(Saved entries)
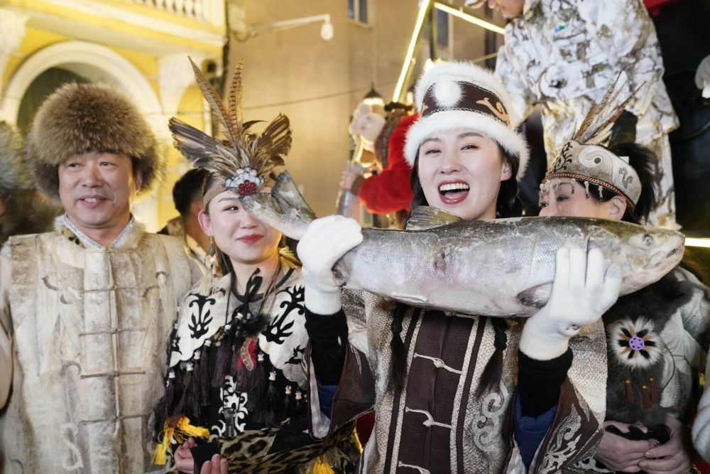 ↑1月6日,身著赫哲族服飾的饒河縣文旅推薦官在哈爾濱中央大街上推介家鄉(xiāng)特產魚品。
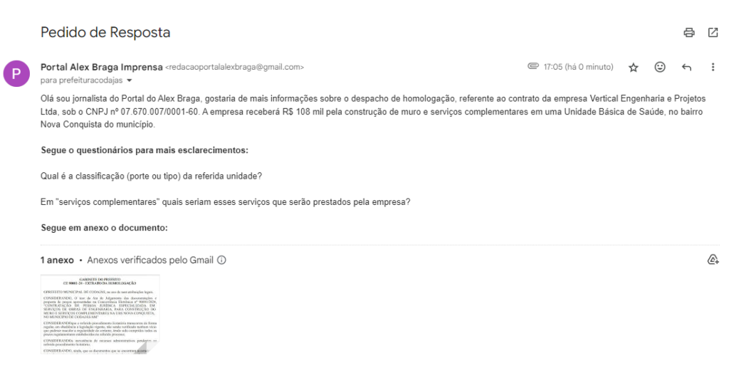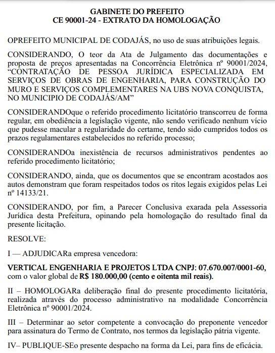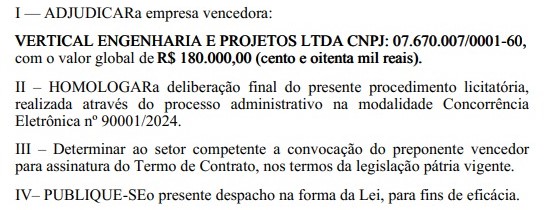 O despacho de homologação publicado concedeu vitória a empresa Vertical Engenharia e Projetos Ltda, inscrita no CNPJ nº 07.670.007/0001-60. Segundo o contrato, a empresa receberá por parte da prefeitura R$ 108 mil para construir muro e realizar serviços completares em Unidade Básica de Saúde (UBS), localizada no bairro Nova Conquista no município.
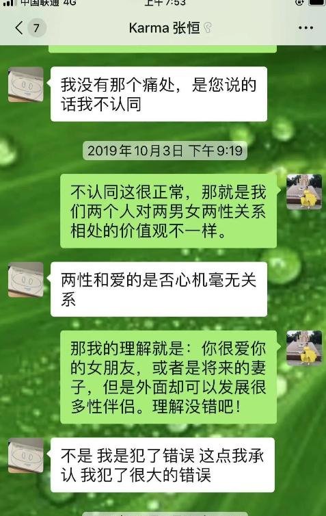 首先,张恒在婚内出轨!据说俩人有了孩子三个月的时候,张恒就多次出轨,而且屡教不改!认为张恒之前所说的是真爱而且身体不好是谎言,在欺骗大众!
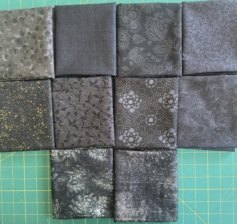 10 Fat Quarters (approx 20″ x 21″) of black on black mixer fabrics.
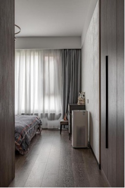 床面的另一头,则相应添置了简易置物柜,灵活放置一些极小物件。墙面同样用墙板做了装饰,增添更多格调。藉由将书房与主卧的隔墙内推,进而增加了一整组实木衣柜。
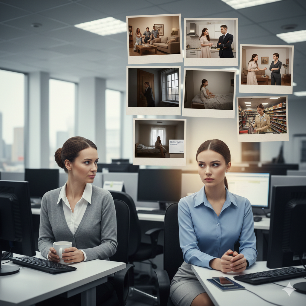 Лариса сидела за небольшим офисным столиком, машинально крутя в руках чашку с кофе. Взгляд её скользил по рядам одинаковых рабочих мест, по серым стенам колл‑центра, пока наконец не остановился на Насте – девушке, сидевшей напротив.
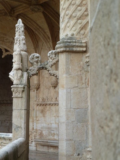 Den in reinster Manuelinik von Diogo de Boytaca (unten) und Jojo de Castil-ho (oben) ausgestalteten zweistöckigen Kreuzgang (Claustro) erreicht man vom Westportal aus.
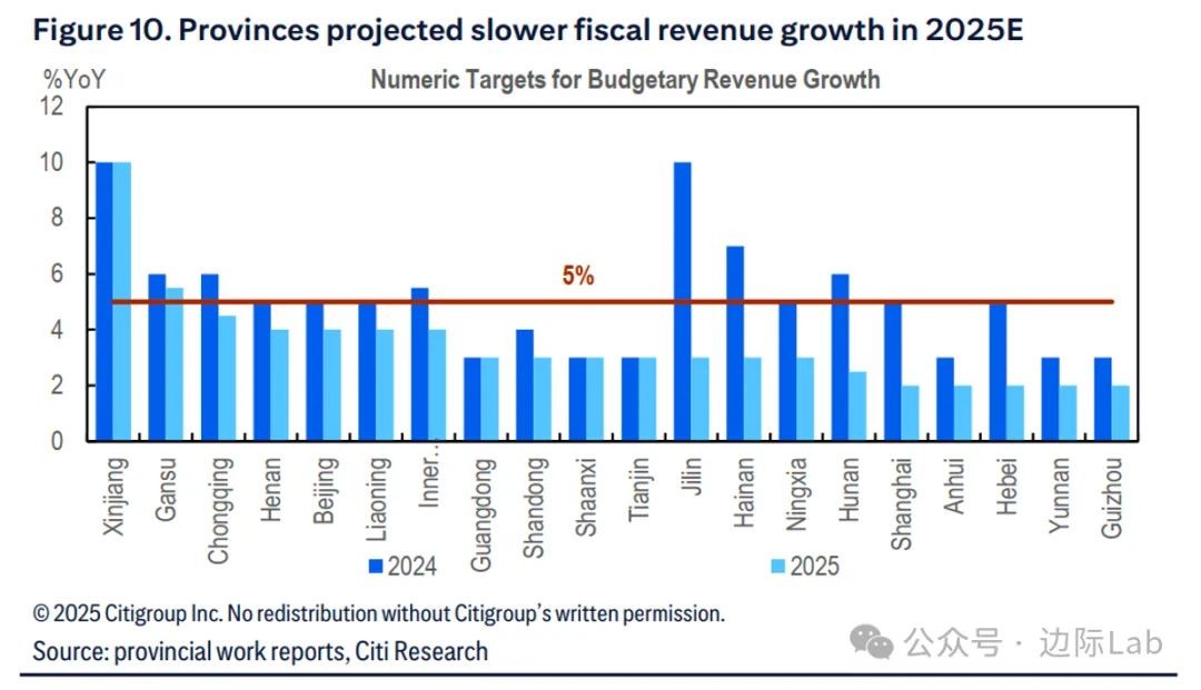 4.2025年,各省预计财政收入增速将放缓,印证了市场对财政政策更趋务实的预期。20个设定具体目标的省份中,大多数下调了财政收入增速目标,仅新疆和吉林的目标高于5%。这一调整并非因减税政策,而是地方政府在2024年面临财政紧张后目标变得更加现实。这意味着2025年财政支出可能更多依赖债务融资和中央政府转移支付。

_The problem_
Please give the entries again word for word, without any pictures.

_Your solution_
 ↑1月6日,身著赫哲族服飾的饒河縣文旅推薦官在哈爾濱中央大街上推介家鄉(xiāng)特產魚品。
 O despacho de homologação publicado concedeu vitória a empresa Vertical Engenharia e Projetos Ltda, inscrita no CNPJ nº 07.670.007/0001-60. Segundo o contrato, a empresa receberá por parte da prefeitura R$ 108 mil para construir muro e realizar serviços completares em Unidade Básica de Saúde (UBS), localizada no bairro Nova Conquista no município.
 首先,张恒在婚内出轨!据说俩人有了孩子三个月的时候,张恒就多次出轨,而且屡教不改!认为张恒之前所说的是真爱而且身体不好是谎言,在欺骗大众!
 10 Fat Quarters (approx 20″ x 21″) of black on black mixer fabrics.
 床面的另一头,则相应添置了简易置物柜,灵活放置一些极小物件。墙面同样用墙板做了装饰,增添更多格调。藉由将书房与主卧的隔墙内推,进而增加了一整组实木衣柜。
 Лариса сидела за небольшим офисным столиком, машинально крутя в руках чашку с кофе. Взгляд её скользил по рядам одинаковых рабочих мест, по серым стенам колл‑центра, пока наконец не остановился на Насте – девушке, сидевшей напротив.
 Den in reinster Manuelinik von Diogo de Boytaca (unten) und Jojo de Castil-ho (oben) ausgestalteten zweistöckigen Kreuzgang (Claustro) erreicht man vom Westportal aus.
 4.2025年,各省预计财政收入增速将放缓,印证了市场对财政政策更趋务实的预期。20个设定具体目标的省份中,大多数下调了财政收入增速目标,仅新疆和吉林的目标高于5%。这一调整并非因减税政策,而是地方政府在2024年面临财政紧张后目标变得更加现实。这意味着2025年财政支出可能更多依赖债务融资和中央政府转移支付。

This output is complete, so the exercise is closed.